A campaign from the Dog’s Trust, ‘Lets With Pets’ has been informing landlords and letting agencies that exclude tenants with pets from their properties that they are missing out on a significant share of the rental market, with nearly half of UK households currently owning a pet.
Unlike this peculiar story of an unusual pet in Edinburgh, most pets are cats and dogs, and if one of your tenants asks permission to keep a pet on the property, do you know what your reaction will be?
It may initially seem like a risk to allow animals in your property, but permitting tenants to keep a pet can set you apart from other landlords, improve your relationship with your tenants, and even allow you to add a premium to the rental value you can achieve.
With almost half of all households in the UK owning a pet, by excluding pet-owning tenants, you could be missing out on a massive part of the rental market. Allowing pets can increase the demand for your property, and attract responsible tenants looking for a long-term let.
Once a tenant finds a tenancy that allows them to bring their furry friend, they are far more likely to stay.

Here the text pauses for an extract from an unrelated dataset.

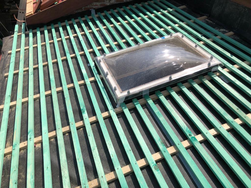 - Plaatsen van lichtkoepel en dakvensters
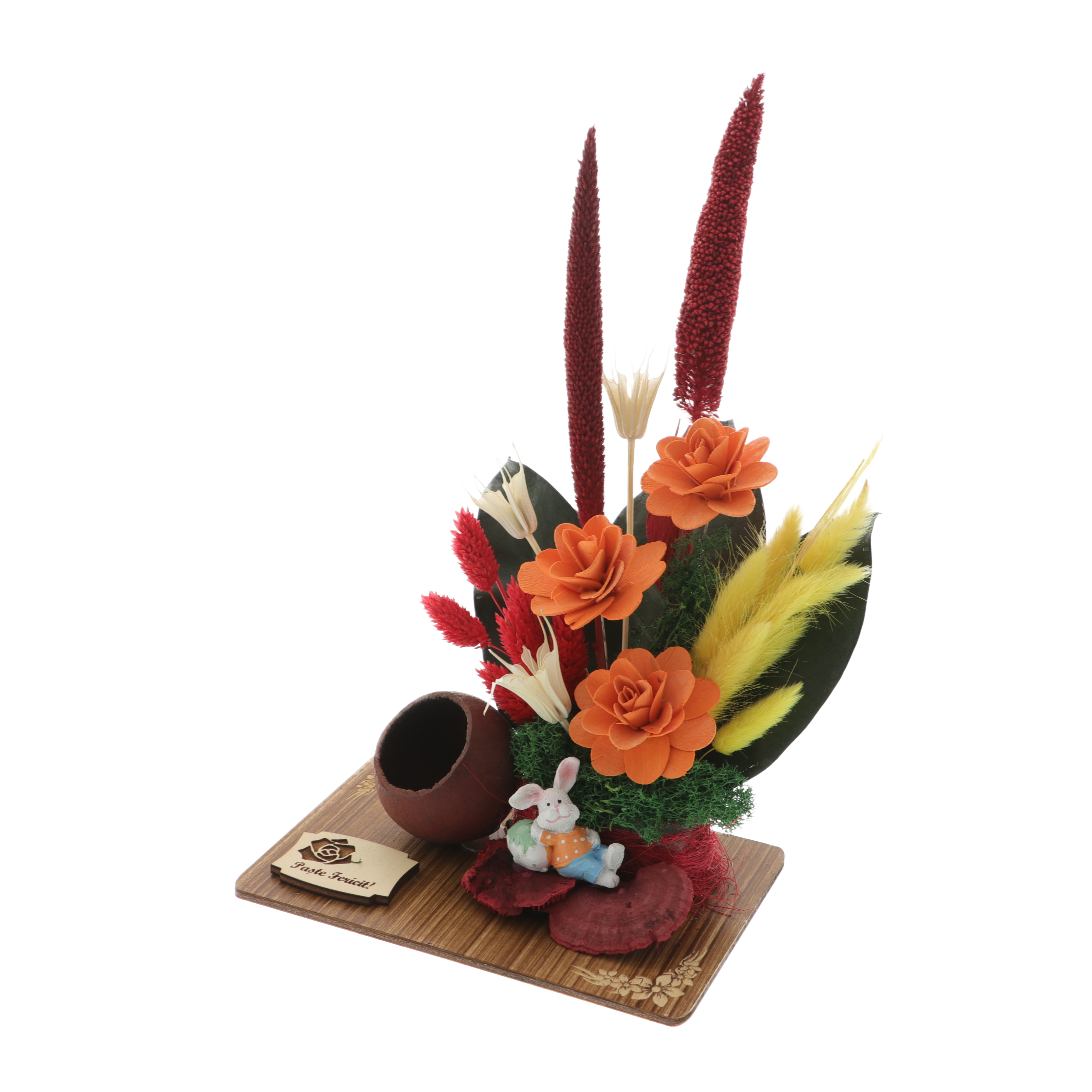 🌿 Materiale naturale – Plante și flori naturale, uscate și vopsite în tonuri calde de portocaliu, roșu, galben și verde, oferind un aspect rustic și elegant.

While it is no longer possible to charge a ‘pet deposit’, most pet owners would be willing to increase their rent by a small amount to account for additional wear and tear, meaning more profit for you.
For the vast majority of pet owners, their four-legged friend is a much-loved member of the family, and they take ownership very seriously. Pets require commitment, a regular income, and a responsible nature – all desirable traits in a tenant.
You may need to check with your insurance provider to see if your policy includes accidental pet damage, as it is likely that it will not be included as standard.